**ASSIGNED TASK**
A line below contains "因为原先的位置已经没了,为了空出位置,牙医得把对咬牙磨短、或用矫正器矫正。", and a later one contains "Ментол кристаллический —". Repeat both, with every line between them, exactly.

━━━ DATA ━━━

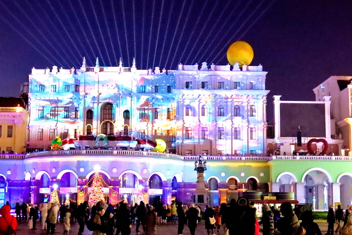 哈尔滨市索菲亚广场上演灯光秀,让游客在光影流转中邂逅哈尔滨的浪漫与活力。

━━━
━━━ DATA ━━━

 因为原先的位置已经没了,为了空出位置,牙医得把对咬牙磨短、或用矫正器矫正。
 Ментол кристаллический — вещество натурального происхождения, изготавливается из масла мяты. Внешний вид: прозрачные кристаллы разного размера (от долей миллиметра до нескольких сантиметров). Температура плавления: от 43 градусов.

━━━

**WRITTEN RESPONSE**
 因为原先的位置已经没了,为了空出位置,牙医得把对咬牙磨短、或用矫正器矫正。
 Ментол кристаллический — вещество натурального происхождения, изготавливается из масла мяты. Внешний вид: прозрачные кристаллы разного размера (от долей миллиметра до нескольких сантиметров). Температура плавления: от 43 градусов.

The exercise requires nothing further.